▶ [Goal of the exercise]
Copy nothing but the lines from the opening of the entries through the line that contains "Римская штора производителя", exactly as written. Drop the pictures.
=== Data shown ===
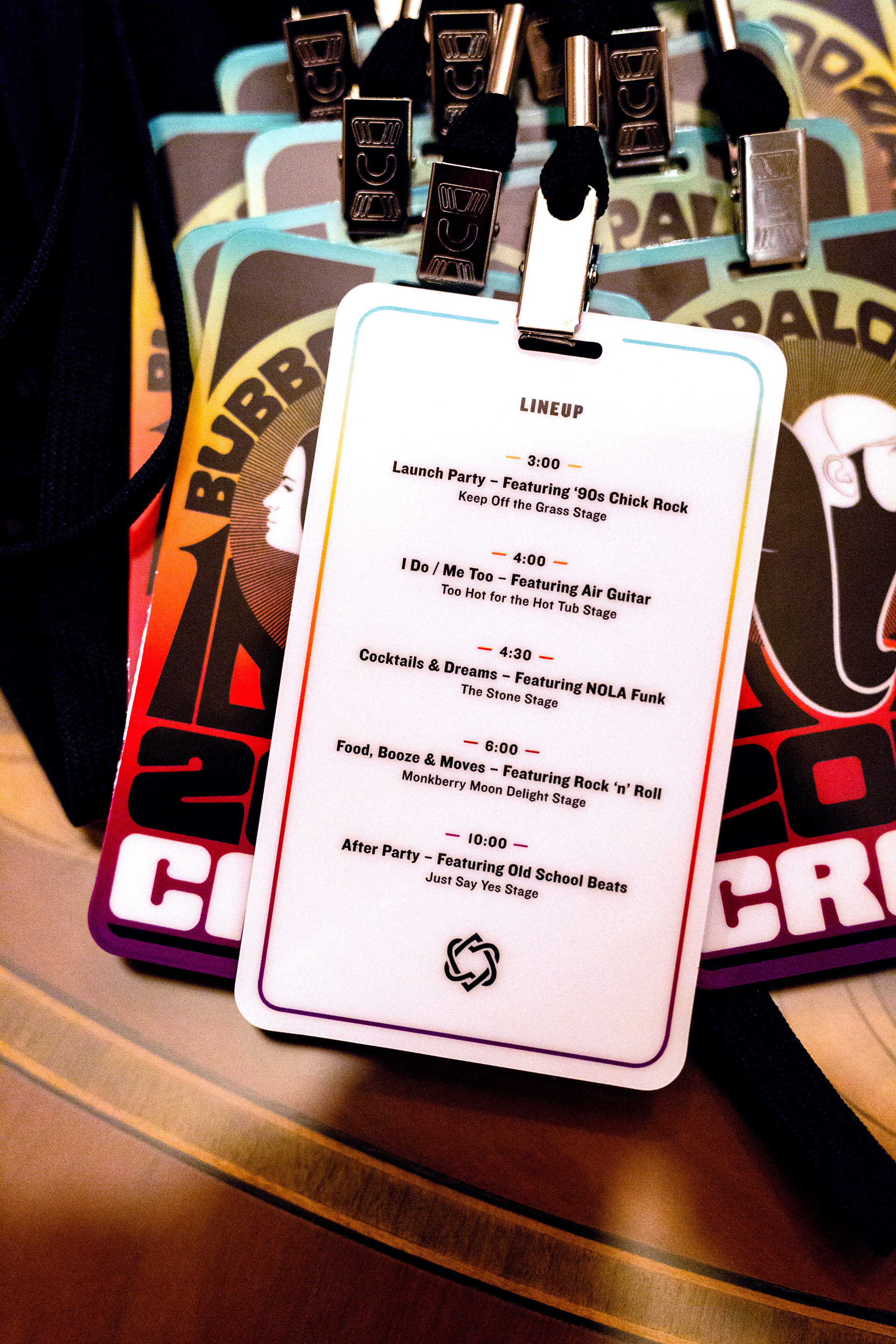Invitation and other collateral for our music festival-themed wedding – Fillmore West meets Bonnaroo. Custom psychedelic lettering carried through all signage and collateral, as well as an updated version of Leonard Cohen's mark for the "Order of the Unified Heart." As we both have a real tattoo of the design, we gave everyone temporary tattoos to match.
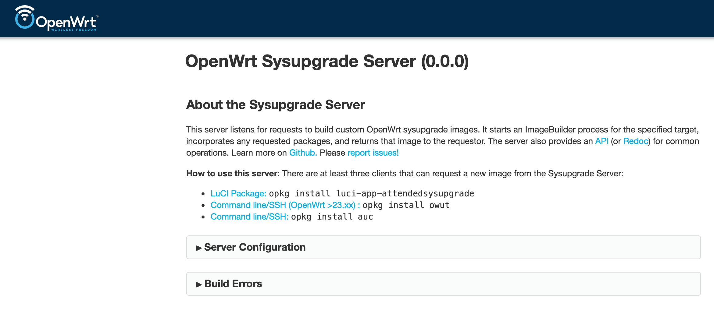 Dobra wiadomość jest taka, że OpenWrt utrzymuje oficjalną, zdokeryzowaną wersję serwera Attended Sysupgrade. To ogromne ułatwienie!
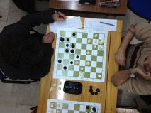 A foto em cima reflete já a derrota das brancas, tendo Carlos Ribeiro desistido após mais três lances já que era inevitável a promoção do peão da coluna e).
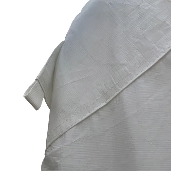 • White fitted cover with leg skirts and end gables
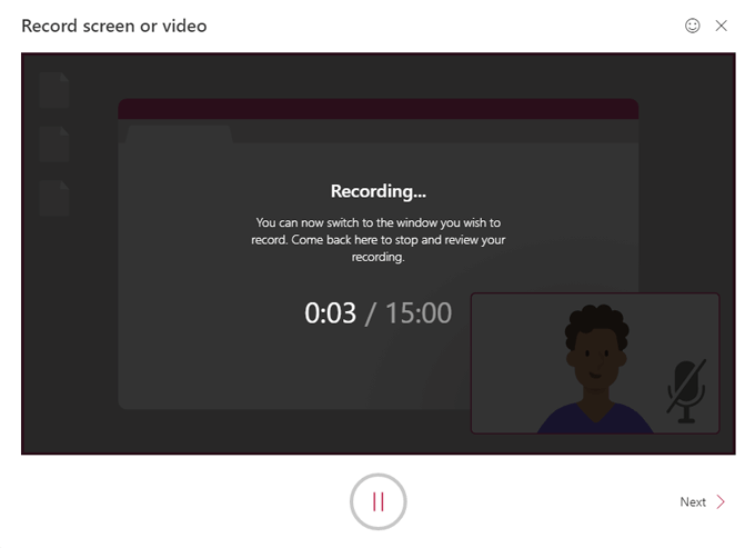 - At any time during recording, you can press the **pause** button. Each time you resume recording, you’ll get the 3-second countdown again. Resume recording by selecting the record button again or end the recording by clicking **Next**.
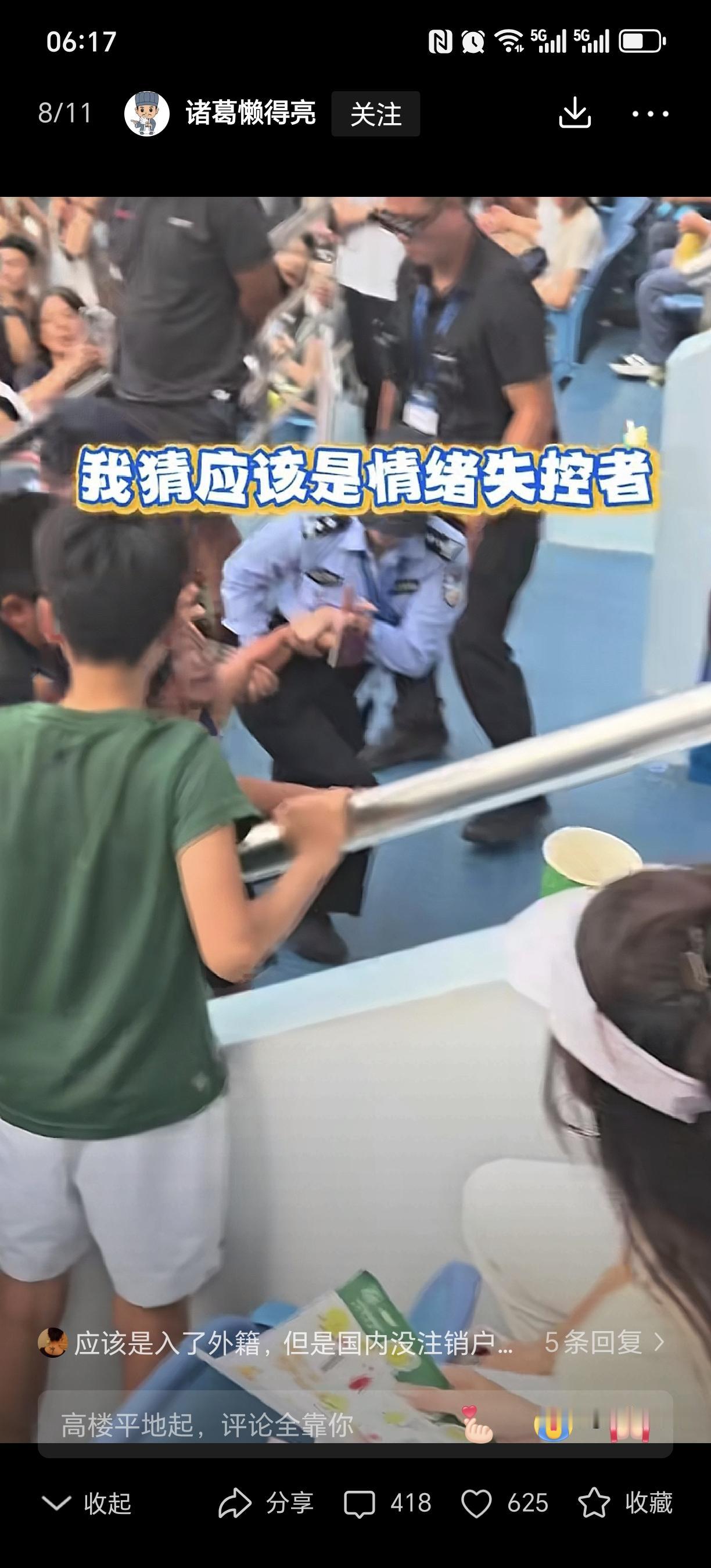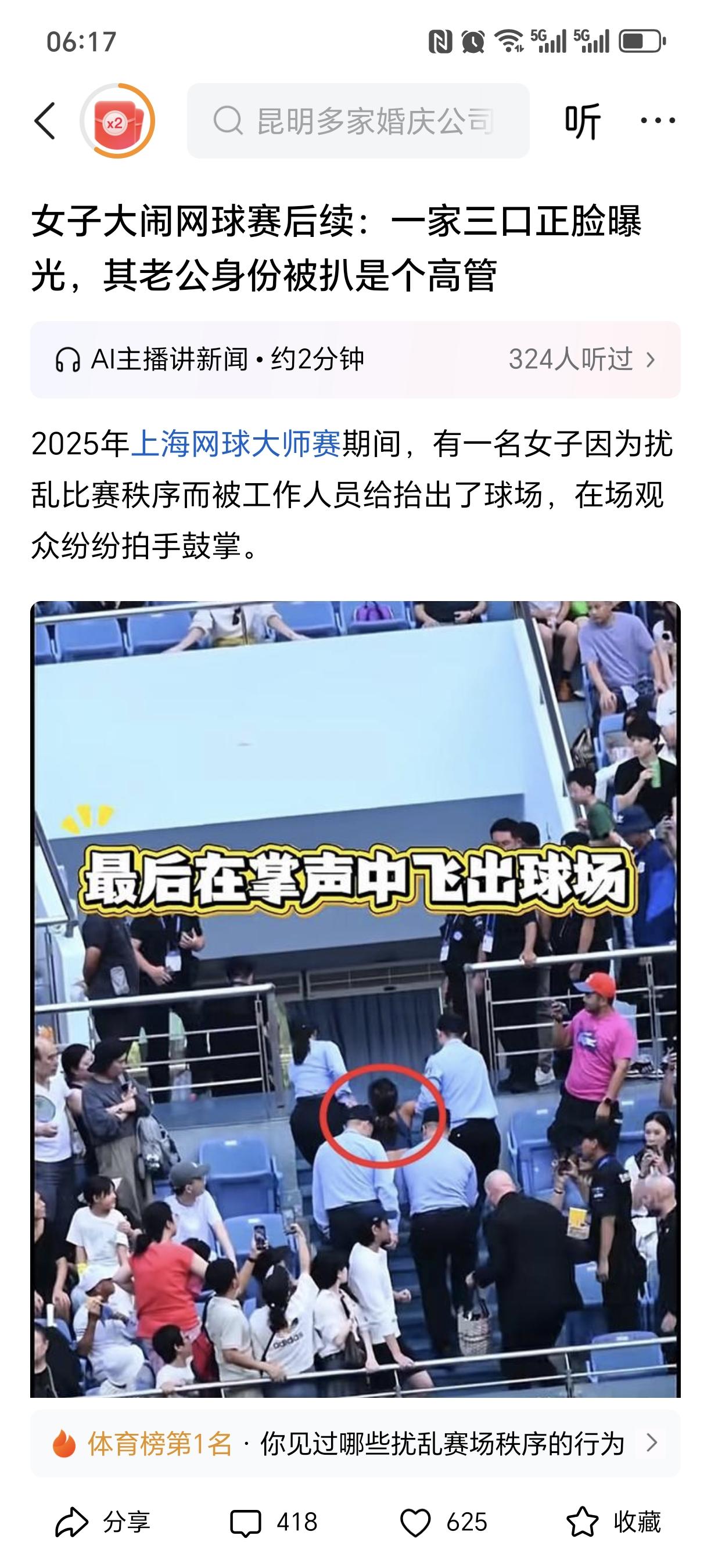 上海网球赛女子大闹赛场被抬出场外 在2025年上海网球大师赛的紧张赛点上,一场突如其来的闹剧打破了现场的专注氛围。一名据称是外籍的女子,在众目睽睽之下,以一系列极其浮夸、不合时宜的动作肆意扰乱赛场秩序。她完全无视工作人员的反复劝阻,情绪激动,甚至无暇顾及随行在旁、已被吓得不知所措的年幼孩子。 她的行为严重干扰了球员的专注,迫使主裁判不得不宣布比赛暂停。在多次警告无效后,现场安保人员果断采取行动,最终合力将这位仍在叫嚷的女子抬离球场。当她的身影消失在球员通道的入口时,全场顿时爆发出如释重负的、雷鸣般的掌声。 这掌声,并非仅仅是针对一个人的离场,更是一种集体态度的鲜明表达:它是对赛事秩序得以严肃维护的肯定,是对体育精神与观赛礼仪的坚定捍卫。在那一刻,公众用掌声凝聚了一个清晰的共识——无论来自何方,在文明的公共空间里,尊重规则与顾及他人是不可逾越的底线。
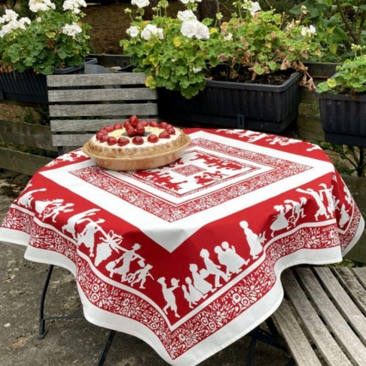 Die Tischdecke Silhouettes Hansi illustriert typische elsässische Szenen des Lebens und spielt mit Schatten und Kontrasten. Diese hübsche Tischdecke auf rotem oder grauem Hintergrund ist eine Hommage an regionale Traditionen.
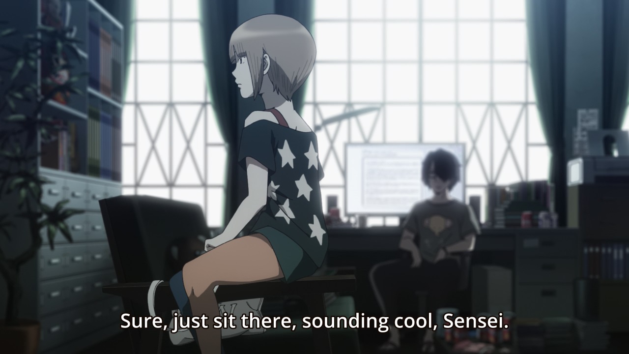 Description: A girl sitting in a chair in a room with a window and a man standing behind her with a computer on the desk.
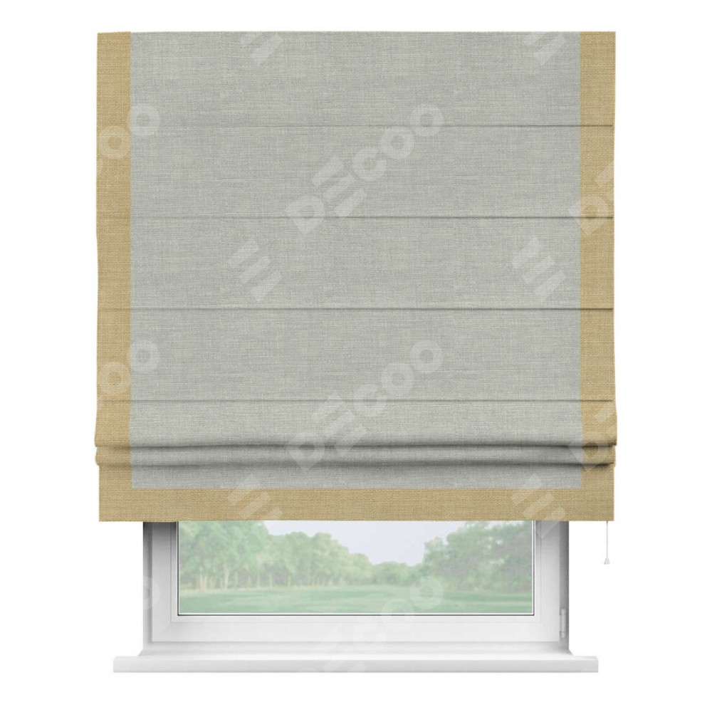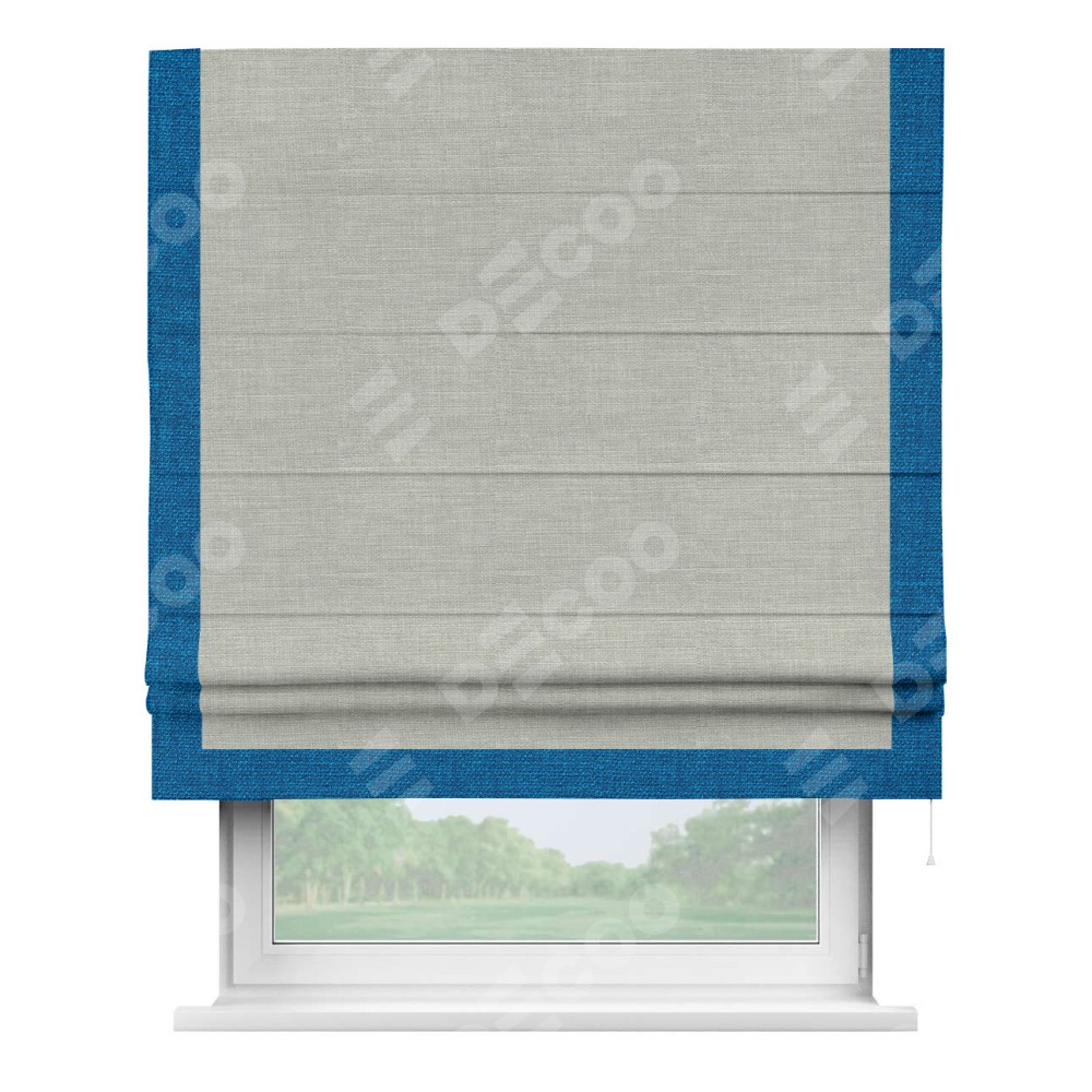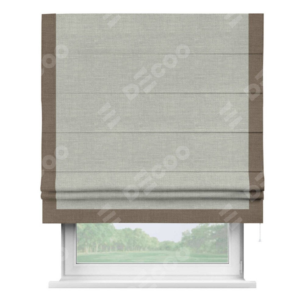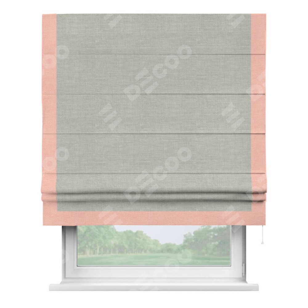 Римская штора производителя «Cortin», используется для проёма, пошита из ткани лён серый, артикул 7440. Отделка шторы кантом «Виктория», ткань для канта используется из льна разной расцветки на выбор. Имеет универсальный механизм и подходит для монтажа: на потолок, на стену и в нишу.
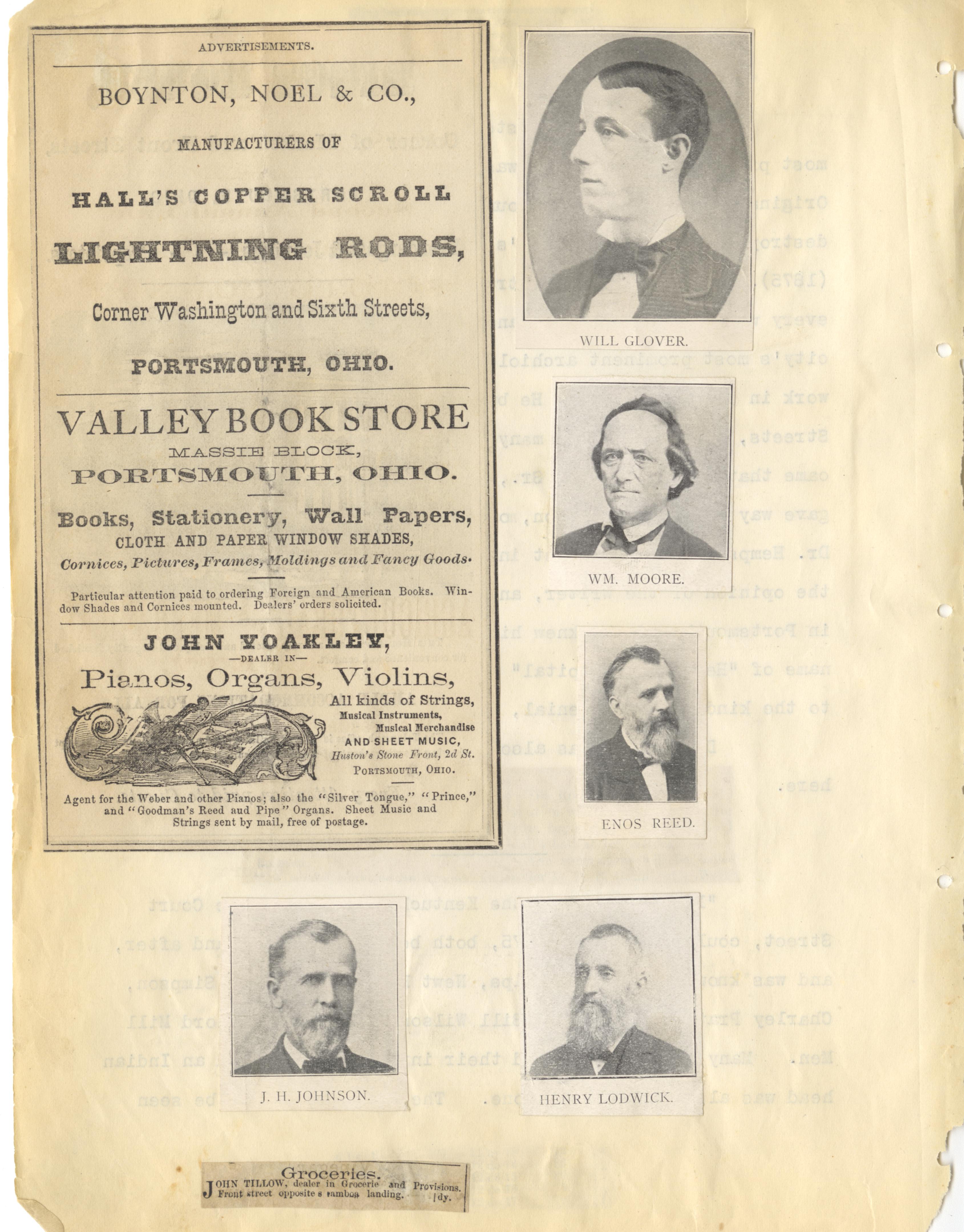 - Scanned scrapbook page: Newspaper Advertisements for Portsmouth, pictured: Will Glover, Wm Moore- riverboat captain, Enos Reed, J. H. Johnson, and Henry Lodwick
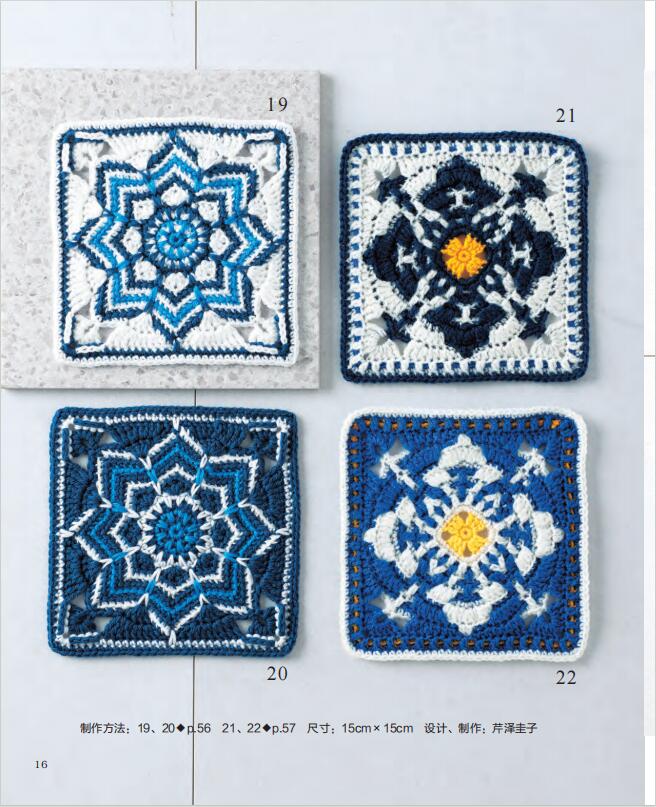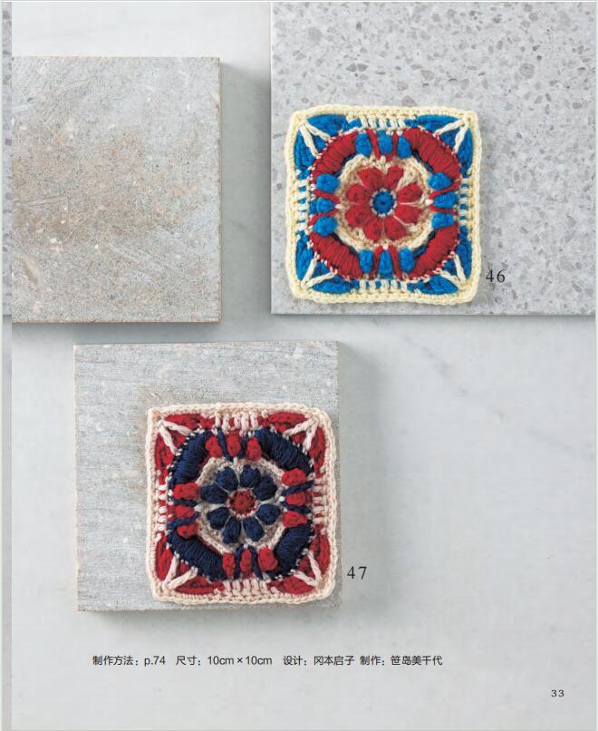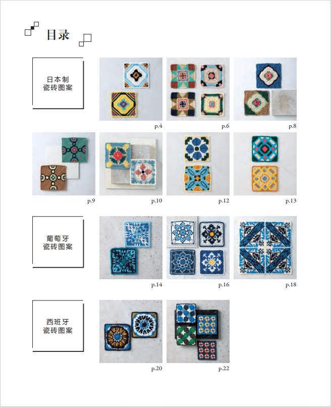 日本制瓷砖图案 p.4、p.6、p.8、p.9、p.10、p.12、p.13葡萄牙瓷砖图案 p.14、p.16、p.18西班牙瓷砖图案 p.20、p.22墨西哥瓷砖图案 p.24、、p.25、p.26、p.27、p.28、p.30、p.32应用作品 手提包p.5、针插p.11、小包p.15、靠垫p.21、纸巾盒套p.31
===
▶ [Response area]
Invitation and other collateral for our music festival-themed wedding – Fillmore West meets Bonnaroo. Custom psychedelic lettering carried through all signage and collateral, as well as an updated version of Leonard Cohen's mark for the "Order of the Unified Heart." As we both have a real tattoo of the design, we gave everyone temporary tattoos to match.
 Dobra wiadomość jest taka, że OpenWrt utrzymuje oficjalną, zdokeryzowaną wersję serwera Attended Sysupgrade. To ogromne ułatwienie!
 A foto em cima reflete já a derrota das brancas, tendo Carlos Ribeiro desistido após mais três lances já que era inevitável a promoção do peão da coluna e).
 • White fitted cover with leg skirts and end gables
 - At any time during recording, you can press the **pause** button. Each time you resume recording, you’ll get the 3-second countdown again. Resume recording by selecting the record button again or end the recording by clicking **Next**.
 上海网球赛女子大闹赛场被抬出场外 在2025年上海网球大师赛的紧张赛点上,一场突如其来的闹剧打破了现场的专注氛围。一名据称是外籍的女子,在众目睽睽之下,以一系列极其浮夸、不合时宜的动作肆意扰乱赛场秩序。她完全无视工作人员的反复劝阻,情绪激动,甚至无暇顾及随行在旁、已被吓得不知所措的年幼孩子。 她的行为严重干扰了球员的专注,迫使主裁判不得不宣布比赛暂停。在多次警告无效后,现场安保人员果断采取行动,最终合力将这位仍在叫嚷的女子抬离球场。当她的身影消失在球员通道的入口时,全场顿时爆发出如释重负的、雷鸣般的掌声。 这掌声,并非仅仅是针对一个人的离场,更是一种集体态度的鲜明表达:它是对赛事秩序得以严肃维护的肯定,是对体育精神与观赛礼仪的坚定捍卫。在那一刻,公众用掌声凝聚了一个清晰的共识——无论来自何方,在文明的公共空间里,尊重规则与顾及他人是不可逾越的底线。
 Die Tischdecke Silhouettes Hansi illustriert typische elsässische Szenen des Lebens und spielt mit Schatten und Kontrasten. Diese hübsche Tischdecke auf rotem oder grauem Hintergrund ist eine Hommage an regionale Traditionen.
 Description: A girl sitting in a chair in a room with a window and a man standing behind her with a computer on the desk.
 Римская штора производителя «Cortin», используется для проёма, пошита из ткани лён серый, артикул 7440. Отделка шторы кантом «Виктория», ткань для канта используется из льна разной расцветки на выбор. Имеет универсальный механизм и подходит для монтажа: на потолок, на стену и в нишу.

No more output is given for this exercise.